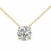 These classic stud earrings feature two moissanites in a 14 karat yellow gold push screw back setting at 1 carat total weight. Earrings come with push screw backs. Each earring measures approximately 5mm. Moissanite color is E-F and clarity is VVS1-VVS2.
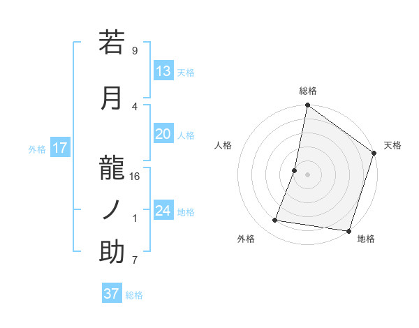 若月 龍ノ助さんの天格は13画の5点!
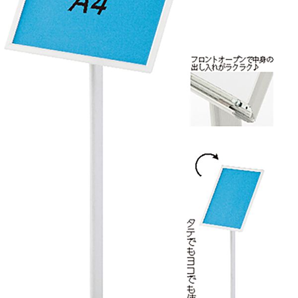 A4サイズが納まる、案内板。タテでもヨコでも使用可能。

════════════════════

• [Task objective]:
Please write out, word for word, each line from the one with "若月 龍ノ助さんの天格は13画の5点!" to the last line of the data, keeping both ends and omitting pictures.

• [Written reply]:
 若月 龍ノ助さんの天格は13画の5点!
 A4サイズが納まる、案内板。タテでもヨコでも使用可能。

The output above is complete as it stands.